What is being asked
Pictures in the records below must be left out. Return exactly the lines from the line with "藤(19画)ノ(1画)木(4画) 福(14画)之(3画)助(7画)" to the line with "Деревянный столик на", both included.

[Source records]
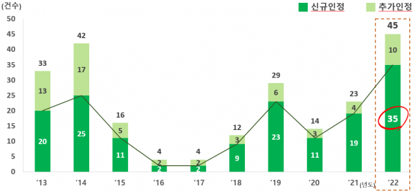 [금요저널] 식품의약품안전처는 2022년 건강기능식품 기능성 원료 인정 현황을 분석한 결과, 인정 원료는 총 45건으로 전년 대비 약 2배 증가했고 이 중 새롭게 인정된 기능성 원료는 35건으로 최근 10년 동안 가장 많은 원료를 인정했다고 발표했다.
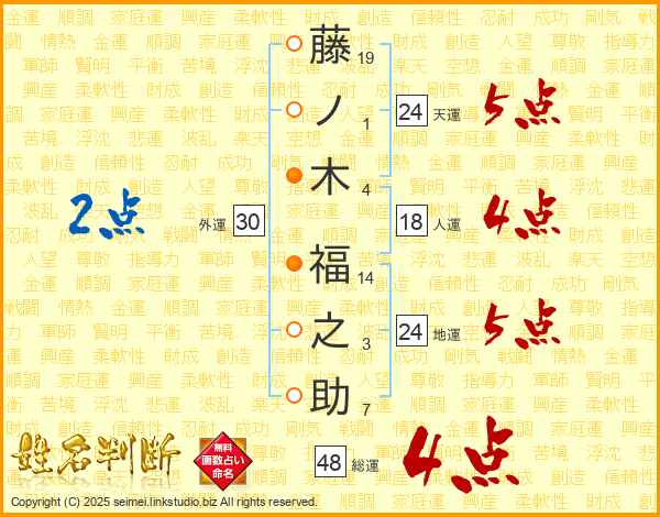 藤(19画)ノ(1画)木(4画) 福(14画)之(3画)助(7画)
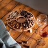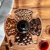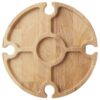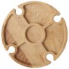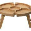 Деревянный столик на складных ножках может быть использован как во время пикников на открытом воздухе, так и дома, где его можно использовать прямо на полу. Столик позволяет подать 4 вида различных закусок, не смешивая их, благодаря четырем сепарированным секциям, в которые можно поместить ягоды, орехи и другие снеки, желательно, сухие либо подающиеся в масле (оливки, маслины). Четыре держателя для бокала особенно актуальны во время отдыха на природе, где каждый участник пикника обязательно оценит возможность зафиксировать посуду для вина.
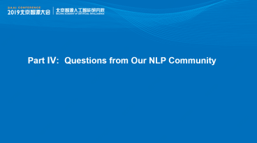 周伯文:我们知道每一个人都意识到BERT模型做出来之后,NLP会发生变化。我们会进行一些预训练的模型,然后在下游的任务上进行Fine-Tuning的分类任务,大家都觉得这是一个重大的竞争,特别是从它带来结果的角度上来看的确是一个突破。另外一方面,像张钹院士等一些杰出的研究者开始提醒我们要注意到深度学习的天花板。大家害怕仅关注深度学习,不关注NLP的一些根本问题。例如BERT出来之后,Pre-train + Fine-tuning成为了NLP任务的新范式,所有的一切NLP任务都可以简化为向量表征的学习外加下游的分类任务的模式识别。大家想一下,这是不是能更好地帮助我们达成对于语义、语境、知识以及对因果等推理学习的目标?
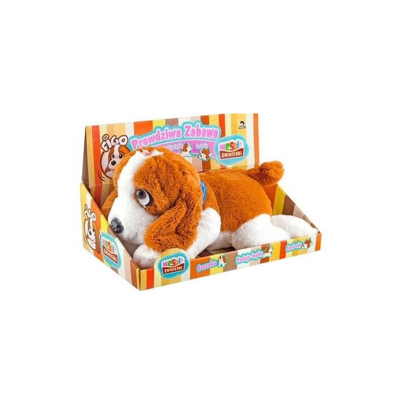 Maskotka Madej Piesek Figo to pluszowa zabawka o wysokości 22 cm, która wyróżnia się miękkim i przyjemnym w dotyku materiałem. Piesek jest w biało-rudych kolorach i ma interaktywną funkcję muzyczną, działającą na 3 baterie AA, co umożliwia odtwarzanie dźwięków i melodii.
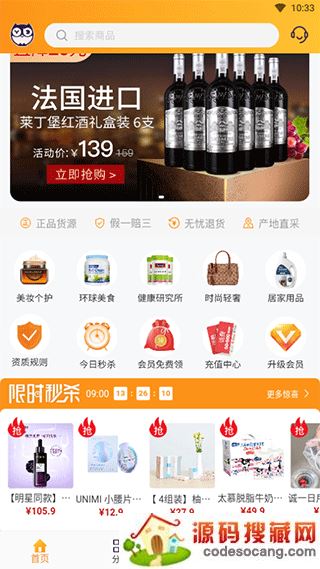 1、首页界面会推荐一些活动中的商品和正在限时秒杀的商品,还能查看资质规则,会员免费领,充值中心,升级会员等功能
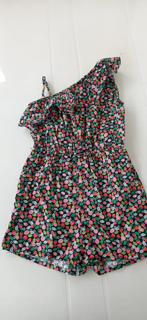 Renkli ve desenli, omuzda fırfırlı detaylı bebek kız tulumu. Canlı renklerle hareketli bir tasarıma sahiptir.

Completed task
 藤(19画)ノ(1画)木(4画) 福(14画)之(3画)助(7画)
 Деревянный столик на складных ножках может быть использован как во время пикников на открытом воздухе, так и дома, где его можно использовать прямо на полу. Столик позволяет подать 4 вида различных закусок, не смешивая их, благодаря четырем сепарированным секциям, в которые можно поместить ягоды, орехи и другие снеки, желательно, сухие либо подающиеся в масле (оливки, маслины). Четыре держателя для бокала особенно актуальны во время отдыха на природе, где каждый участник пикника обязательно оценит возможность зафиксировать посуду для вина.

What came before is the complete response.